REALPE steht für Réseau d’ élu et d’ autorité locales progressites d’Europe. Es ist ein Netzwerk von progessiven lokalen Mandatsträger*innen und lokalen Behörden aus Europa. In Kooperation mit der Linken (GUE/NGL) im Europäischen Parlament finden regelmäßig jährlich Konferenzen statt, um sich über aktuelle Themen auszutauschen und zu beraten, die sowohl die kommunale als auch die EU-Ebene betreffen.

Das diesjährige Treffen fand am 7. und 8. Februar statt, wie üblich in den Räumen des Europäischen Parlaments in Brüssel.

Die linke Europaabgeordnete Martina Michels und die parlamentarische Assistentin Nora Schüttzpelz haben über die diesjährige Konferenz einen Bericht geschrieben, den Europa.blog im hier veröffentlicht.

Die auf der REALPE-Konferenz verfasste “Erklärung für ein konkretes Recht auf Wohnen” ist unterhalb des Konferenzberichtes im Wortlaut dokumentiert.

Beitrag von Martina Michels und Nora Schüttpelz

[Konferenzbericht REALPE 2019]

Seit vielen Jahren veranstaltet die GUE-NGL-Fraktion im Europaparlament ein jährliches Treffen mit REALPE, dem europäischen Netzwerk fortschrittlicher lokal gewählter Vertreterinnen und Vertreter. In diesem Jahr fand es am 7. und 8. Februar statt. Jedes Jahr wächst und wächst diese Initiative, diesmal waren so viele Kolleg*innen und Genoss*innen aus den Kommunen in Stadt und Land dabei wie wahrscheinlich nie zuvor seit Beginn der Zusammenarbeit zwischen unserer Fraktion und dem REALPE-Netzwerk vor zwölf Jahren. Das zeigt auch: Europa findet vor Ort statt und die lokalen Interessen gehören ins Europaparlament und wir als Linke können dazu kompetent und selbstbewusst Einiges beitragen.

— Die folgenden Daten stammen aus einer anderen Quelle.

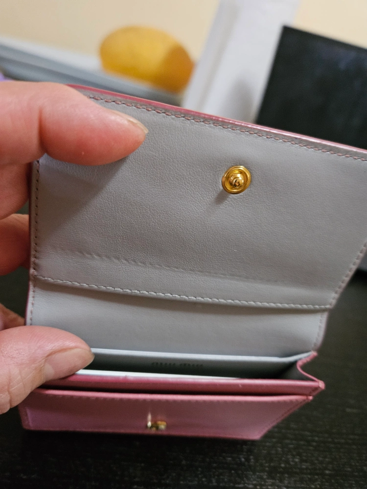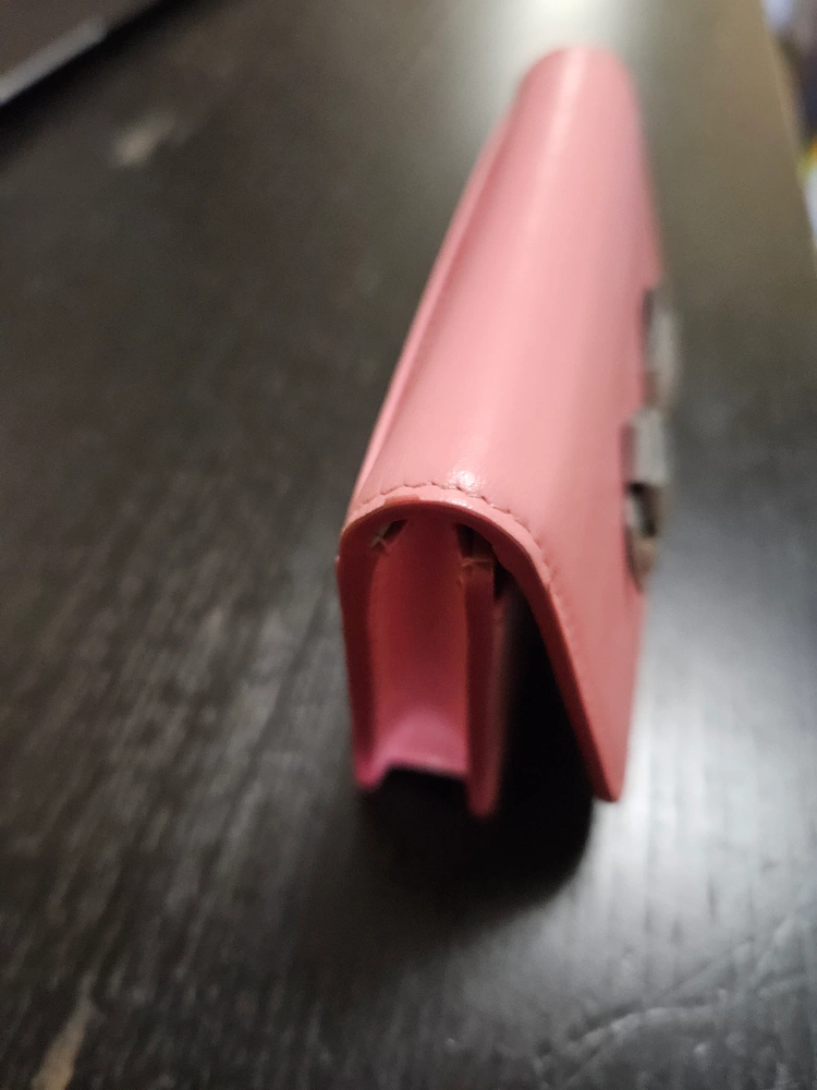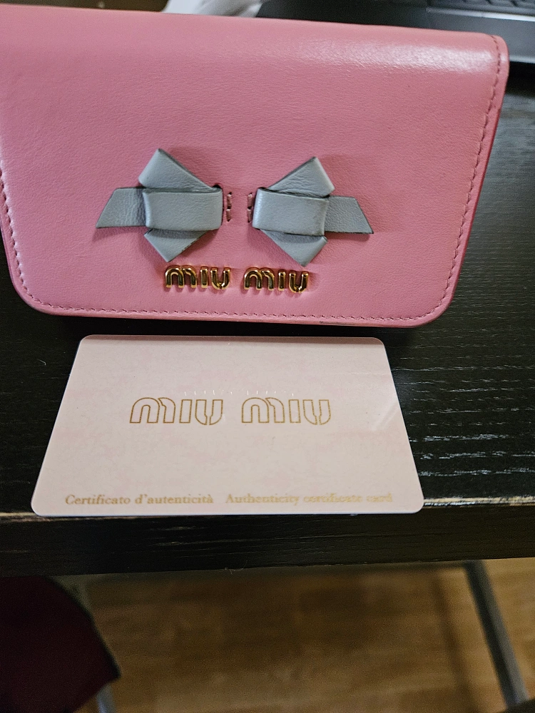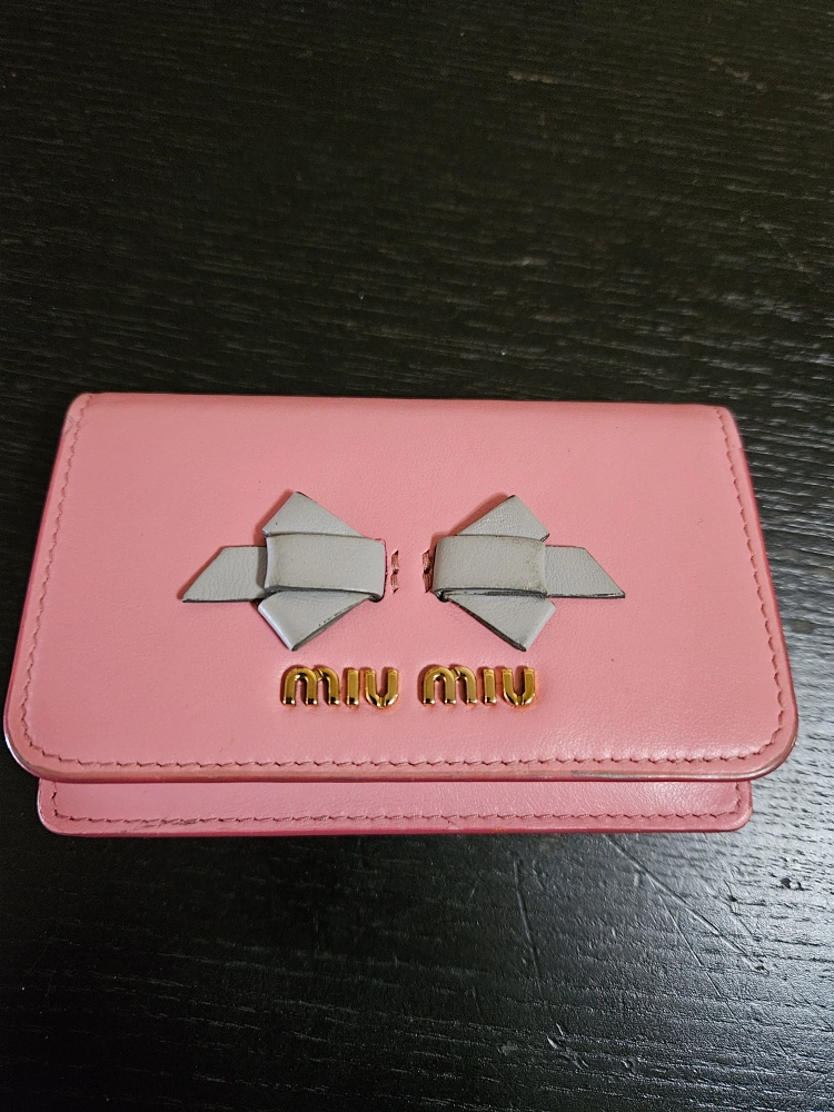 very nice color = pink / leather card with bow details and gold hardware. can hold with many cards ÷ up to 10 = good condition. Purchased from second - hand brand store. ****Authentic ****

Diesmal ging es ganz wesentlich um Fragen rund um das Thema Wohnen und Spekulationen, soziale Ungleichheit in Städten und progressive Konzepte des Umgangs mit diesen Herausforderungen. Wohnen als Menschenrecht, Stadtentwicklung in Zeiten des digitalen Kapitalismus, Handlungsmöglichkeiten der Kommunen gegen den Ausverkauf von Wohnraum durch AirBnB & Co, Konzepte für nachhaltigen Tourismus in Stadt und Land und dabei auch die Europäische Dimension sozialer und speziell der Wohnungsbaupolitik spielten dabei eine Rolle. Für Martina Michels, Mitglied im Ausschuss für Regionale Entwicklung, sind das vertraute Themen. Denn in all diesen und vielen angrenzenden Bereichen stehen EU-Fördermittel aus den Struktur-Fonds zur Verfügung, über deren Zukunft wir hier im EP gerade verhandeln. Jetzt ist also ein guter Moment, an der einen oder anderen Stelle Veränderungen und Verbesserungen vorzunehmen.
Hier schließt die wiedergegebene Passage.